** Work to be completed **
Write out all of the records exactly once more and skip the images.

[Entries shown Boundary: Start]

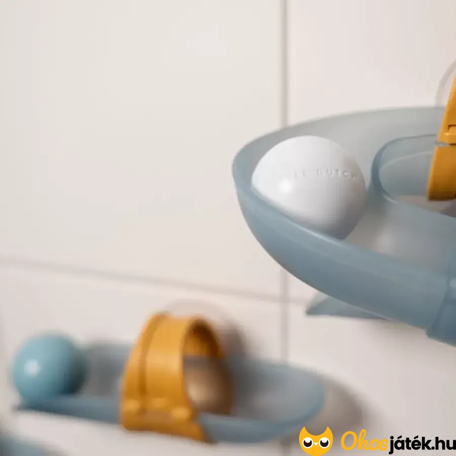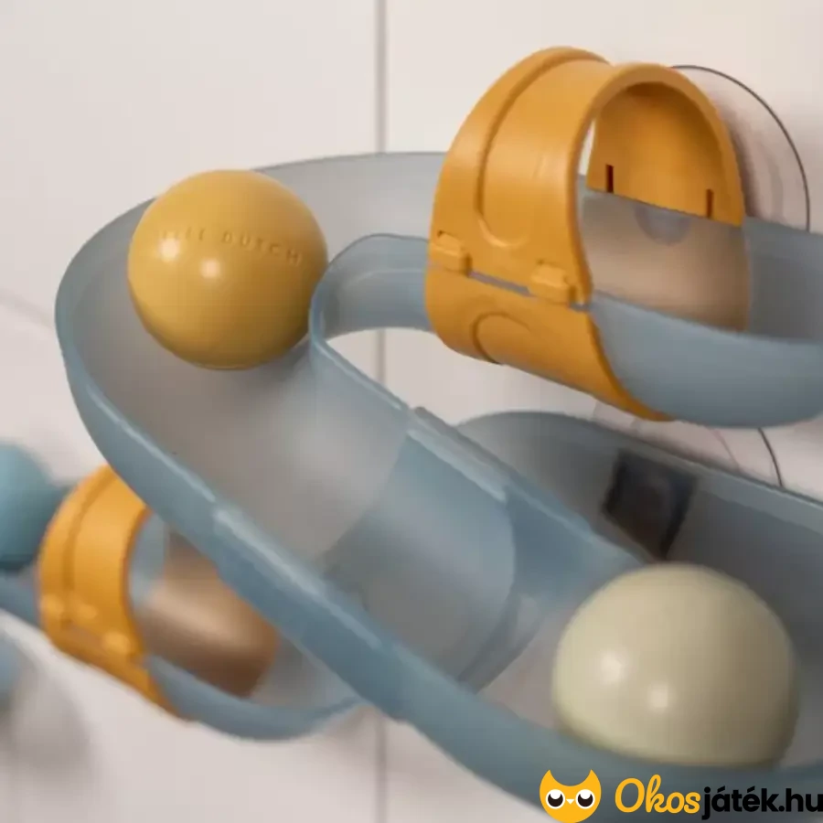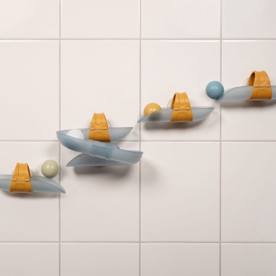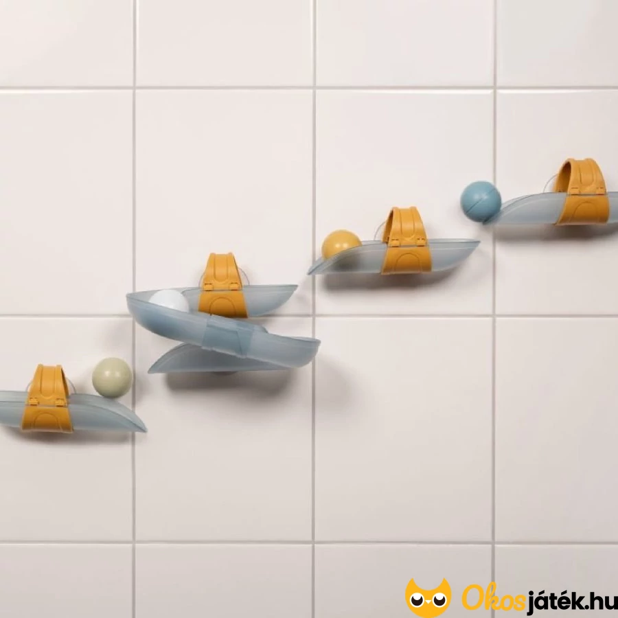 A szett négy kék pályaelemet tartalmaz, melyek tapadókorongokkal rögzíthetők a fürdőszoba falára vagy csempéjére. A gyerekek saját golyópályát építhetnek, melyen a készletben található 4 különböző színű labda kacskaringózva legurulhat, majd csobbanva a vízbe érkezhet.
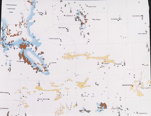 This maps shows the extent of the glacial ice at the height of the most recent ice age. The Wind River Mountains and most of the Northwest corner of the state were covered by thousands of feet of ice. The yellow represents sand dunes (many of which still exist today) created by the wind blowing fine sand from glacial outwashes.
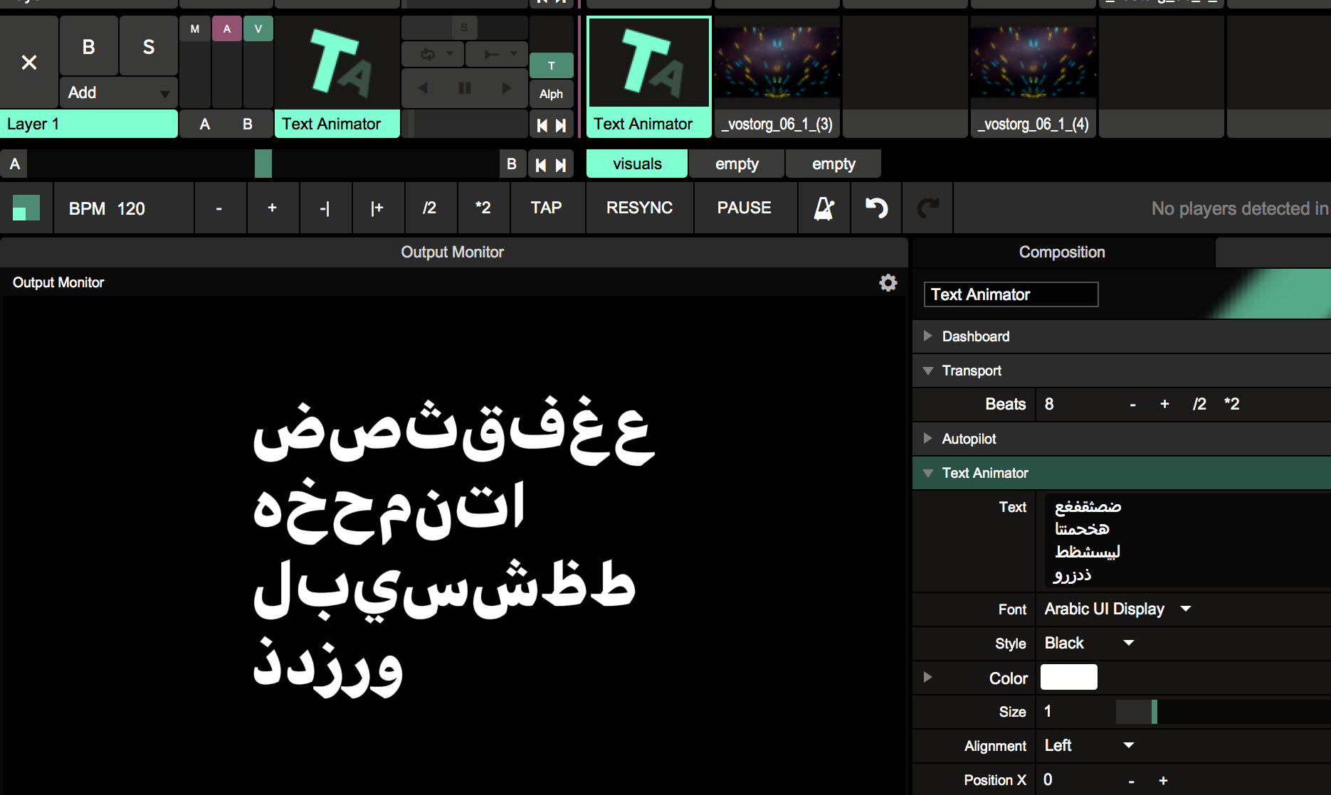 mariy wrote: Wed Jun 03, 2020 10:39 hello , I try to add Arabic language in arena resolume So I can write text in Arabic litters :?
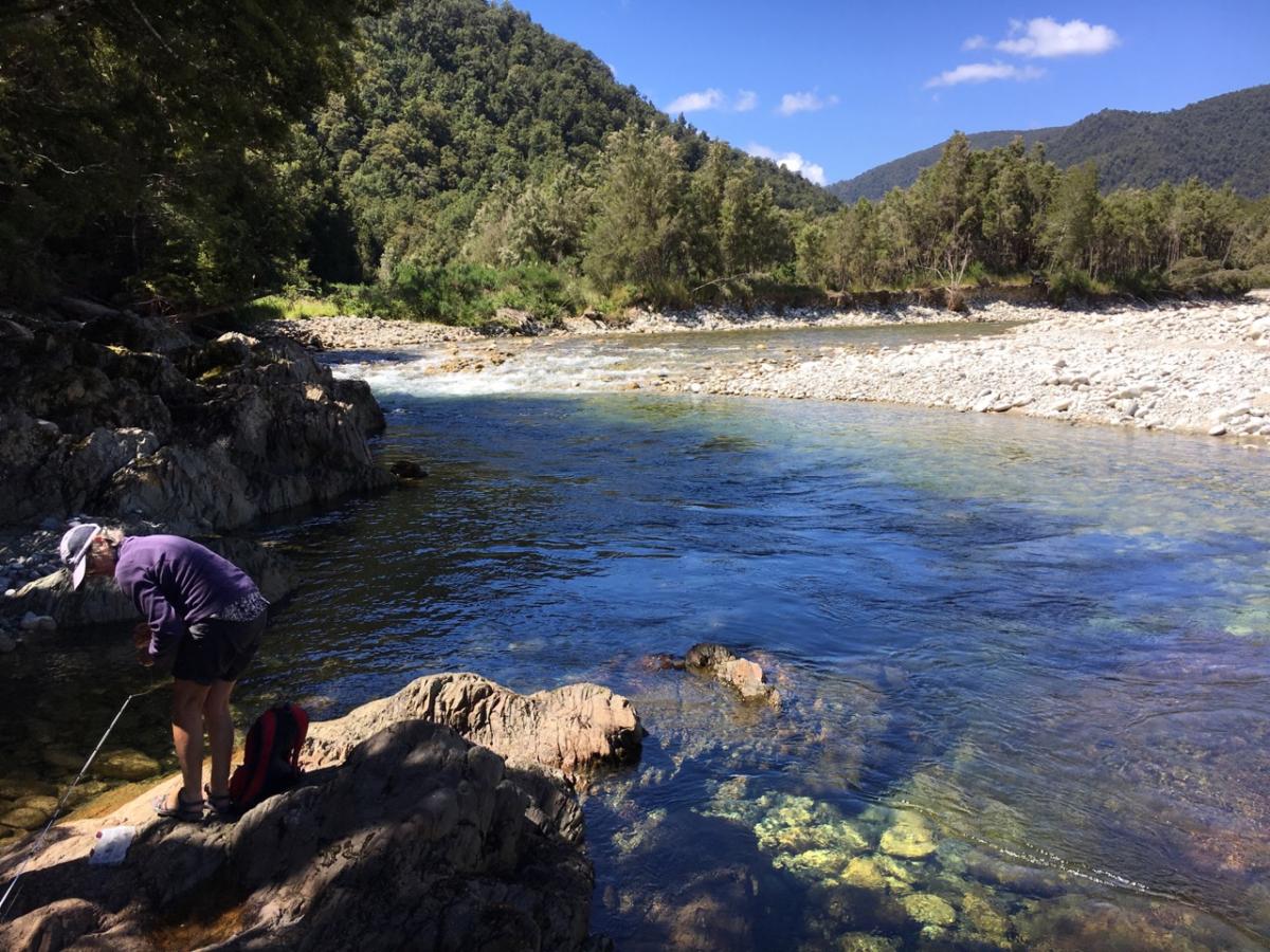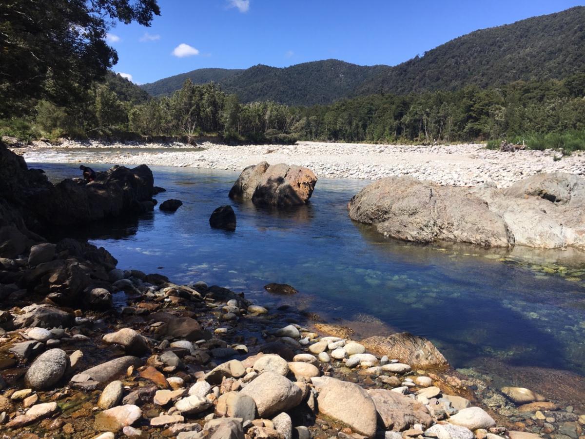 The last day we did the Waitahu valley along the Waitahu River, short drive of about 6km. The track was easy but narrow with the section overgrown with broom. Our Jimny was small enough to to reduce too many scratches as she squeezed her way between the broom bushes on each side, and small enough to get under a couple of fallen trees. The track followed close on the edge of the Waitahu River and needless to say had some spectacular views of the clear waters of the river and the valley hosting it. We got to a point where we could go any further due to a section of the track being washed out… I do believe our Jimny could have negated the steep drop onto the rivers edge and climbed out the other side… but caution was the best call as we were not with another vehicle to assist should we strike difficulty. It was a great location for Jude to try a bit of trout fishing in the clear waters, in between two swift flowing sections of the river. While Jude did the fishing I donated blood to the sandflies and explored the depths of the holes in the river and spotted a huge eel that casually moved to where Jude was fishing coming to just below the surface like a crocodile checking out dinner, it’s beautiful yellow eyes crisp just under the surface of the water. With no luck with the trout side of things and me getting bored it was time to head out. What a beautiful short drive along the is track which is at the end of Gannons Road at Reefton.
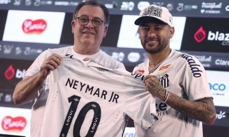 سانتوس (البرازيل): رحب الآلاف من مشجعي فريق سانتوس البرازيلي لكرة القدم، مساء الجمعة، بنيمار، العائد إلى ناديه الذي نشأ فيه، بحفل موسيقي في ملعب الفريق، تحت لافتة إلكترونية مكتوب عليها “الأمير عاد”.
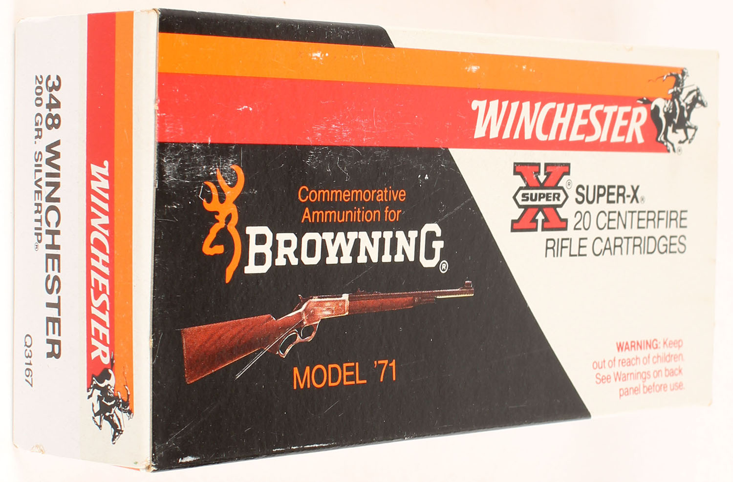 Winchester, Browning Model '71 Commemorative Box, .348 Winchester, 200 Grain Silvertip, Full, 1pc. Multi-colored box featuring a model 71, box is near mint with minty color, only very minor shelf wear, corners are sharp, edges are crisp, end flaps are solid, ammo is excellent. Grade: Excellent ++ - Value: 80 to 120
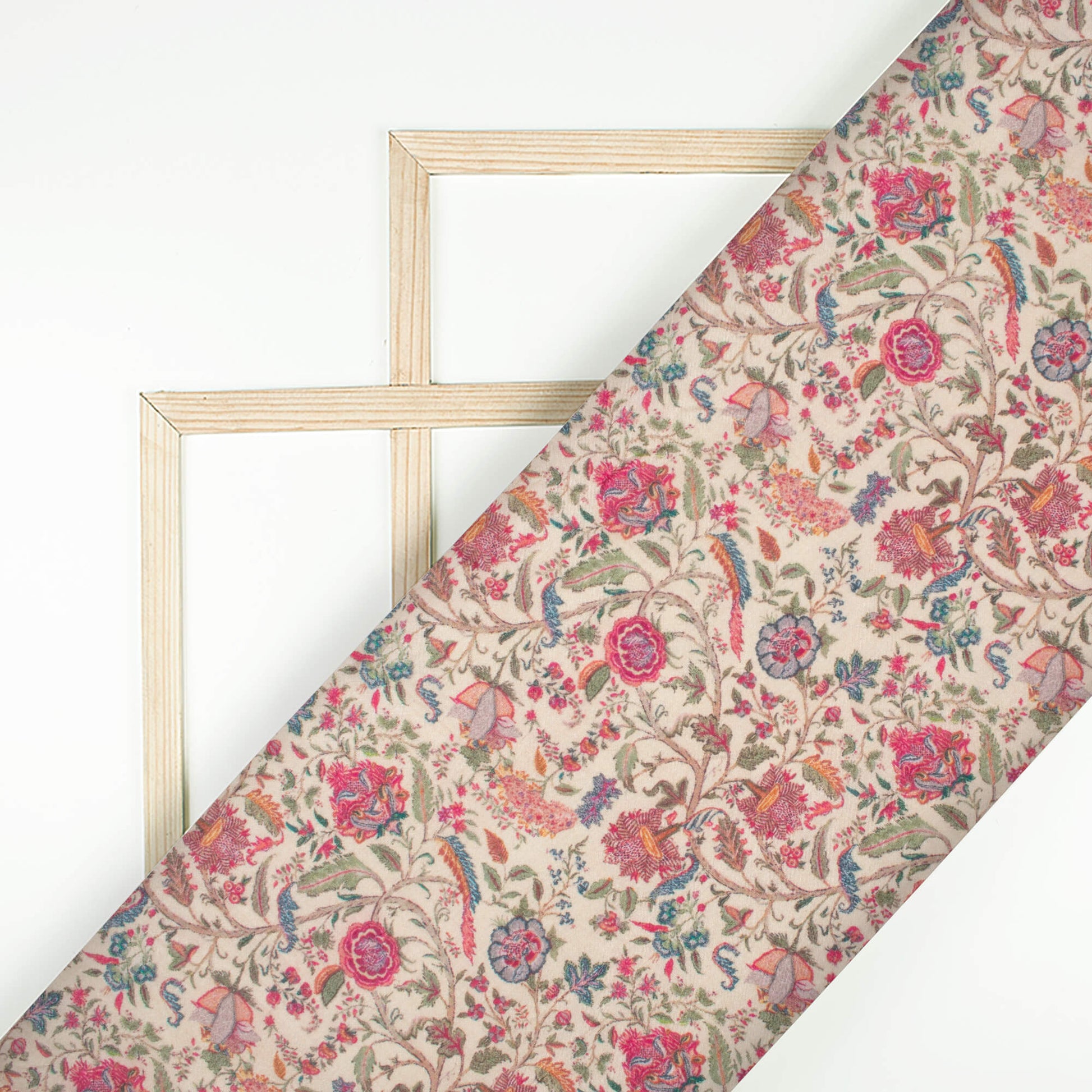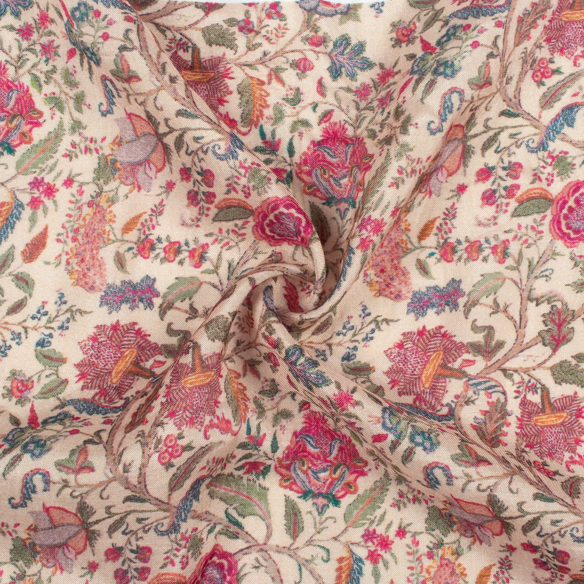 Cream And Sangria Purple Floral Pattern Digital Print Viscose Muslin Fabric
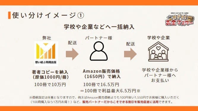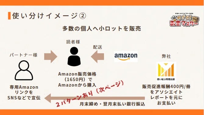 この制度は、絵本シリーズ『めざせ!お金マスター』(全3巻+合本版)のペーパーバックを広めてくださる方々に適正な販売報酬をお支払いする仕組みです。販売方法に応じて、2つのスタイルから選択できます。

[Entries shown Boundary: End]

** Result **
 A szett négy kék pályaelemet tartalmaz, melyek tapadókorongokkal rögzíthetők a fürdőszoba falára vagy csempéjére. A gyerekek saját golyópályát építhetnek, melyen a készletben található 4 különböző színű labda kacskaringózva legurulhat, majd csobbanva a vízbe érkezhet.
 This maps shows the extent of the glacial ice at the height of the most recent ice age. The Wind River Mountains and most of the Northwest corner of the state were covered by thousands of feet of ice. The yellow represents sand dunes (many of which still exist today) created by the wind blowing fine sand from glacial outwashes.
 mariy wrote: Wed Jun 03, 2020 10:39 hello , I try to add Arabic language in arena resolume So I can write text in Arabic litters :?
 The last day we did the Waitahu valley along the Waitahu River, short drive of about 6km. The track was easy but narrow with the section overgrown with broom. Our Jimny was small enough to to reduce too many scratches as she squeezed her way between the broom bushes on each side, and small enough to get under a couple of fallen trees. The track followed close on the edge of the Waitahu River and needless to say had some spectacular views of the clear waters of the river and the valley hosting it. We got to a point where we could go any further due to a section of the track being washed out… I do believe our Jimny could have negated the steep drop onto the rivers edge and climbed out the other side… but caution was the best call as we were not with another vehicle to assist should we strike difficulty. It was a great location for Jude to try a bit of trout fishing in the clear waters, in between two swift flowing sections of the river. While Jude did the fishing I donated blood to the sandflies and explored the depths of the holes in the river and spotted a huge eel that casually moved to where Jude was fishing coming to just below the surface like a crocodile checking out dinner, it’s beautiful yellow eyes crisp just under the surface of the water. With no luck with the trout side of things and me getting bored it was time to head out. What a beautiful short drive along the is track which is at the end of Gannons Road at Reefton.
 سانتوس (البرازيل): رحب الآلاف من مشجعي فريق سانتوس البرازيلي لكرة القدم، مساء الجمعة، بنيمار، العائد إلى ناديه الذي نشأ فيه، بحفل موسيقي في ملعب الفريق، تحت لافتة إلكترونية مكتوب عليها “الأمير عاد”.
 Winchester, Browning Model '71 Commemorative Box, .348 Winchester, 200 Grain Silvertip, Full, 1pc. Multi-colored box featuring a model 71, box is near mint with minty color, only very minor shelf wear, corners are sharp, edges are crisp, end flaps are solid, ammo is excellent. Grade: Excellent ++ - Value: 80 to 120
 Cream And Sangria Purple Floral Pattern Digital Print Viscose Muslin Fabric
 この制度は、絵本シリーズ『めざせ!お金マスター』(全3巻+合本版)のペーパーバックを広めてくださる方々に適正な販売報酬をお支払いする仕組みです。販売方法に応じて、2つのスタイルから選択できます。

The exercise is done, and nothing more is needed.